After the samples were requested in December, a search was made of the storage facilities and no samples were discovered. It was determined that, because the samples would have been produced over two years ago (in September and October 1998), Brotech would no longer have the samples.

Based upon this information I notified our previous attorney that we no longer had any samples.

Upon being notified by previous counsel that Defendants filed a Motion for Summary Judgment, Brotech conducted a more thorough and exacting search of its entire premises, in an attempt to determine whether, notwithstanding its two-year retention policy, any resin samples had been retained. During the search some resin samples were found mixed in with samples of contaminated caustic. I contacted our previous attorney and advised him of this discovery.

¶ 18 This is not a reliable affidavit. There is no indication how Brotech knew that the "samples" were the samples in question. There is no indication that the "samples" had been properly preserved and had not been contaminated through time. Indeed, the resin was allegedly located mixed in with contaminated caustic soda. Were the samples stored together as in actually in contact with each other, or does this mean that the resin and the caustic were in a box someplace each in its own sealed container? Why did it take until after a motion for summary judgment was filed for Brotech to conduct a "thorough and exacting search" of its premises? Brotech certainly knew that these samples were at the core of its dispute with Delmarva, yet apparently at no time during the entire litigation process or pre-litigation investigation, did Brotech ever test the very samples it complained of.

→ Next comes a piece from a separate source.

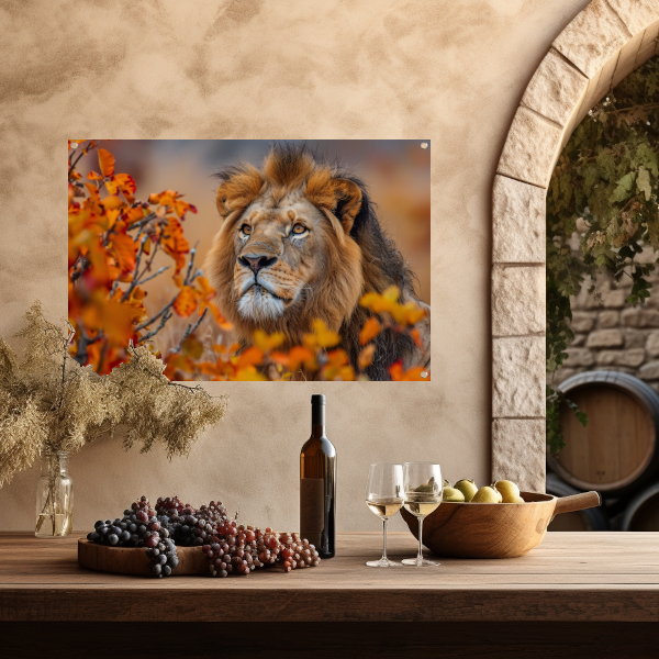 Leeuw in Herfstbladeren - Natuurs Koningschap tuinposter

¶ 19 At the heart of Brotech's complaint is the allegation that Delmarva's caustic soda was tainted. Brotech took at least one sample of the soda. Why was it never tested? Instead, if we are to believe Brotech, this sample apparently sat somewhere on a shelf, while the firestorm of litigation raged. While motion after motion is filed against Brotech for discovery violations, this sample allegedly sits on a shelf with not one person in the entire company realizing what they had — namely the possibility of proof positive that Delmarva had provided them with tainted caustic soda. Then, only after the trial court has finally had enough, and has dismissed the complaint, does Brotech wake up, conduct a real search and tell the court "Oops, we had it all along." This is simply unacceptable.

¶ 20 The affidavit of John Dolan (unidentified as to title in the affidavit) is equally unenlightening. Mr. Dolan simply relates that at some time, someone tested some caustic soda and that soda was found to be contaminated with organic materials. The affidavit does not say what caustic was tested or when it was tested. The affidavit does not claim that it was caustic used to produce the returned resins that was tested. The affidavit does not say who tested the soda or by what method it was tested. Importantly, the affidavit has absolutely nothing to do with the recently "discovered" samples and caustic.

¶ 21 My reading of the record in this matter indicates that, affidavits or not, it is bereft of any indicia of reliability as to the caustic soda in question. As this soda is the center of the controversy, and as Brotech has produced nothing to indicate that it has the chemicals in question, I believe the trial court was correct in granting Delmarva's motion for summary judgment based upon spoliation.

¶ 22 Finally, I recognize that the record contains references to testing that was conducted on some sample taken from a tank at the Purolite plant. This sample was apparently obtained for a sludge clean out of a Brotech storage tank and the sludge transferred to a barrel of indeterminate origin. It is agreed to by all parties that the sample taken from this tank was tainted by some manner of organic material. The import of this is also in dispute.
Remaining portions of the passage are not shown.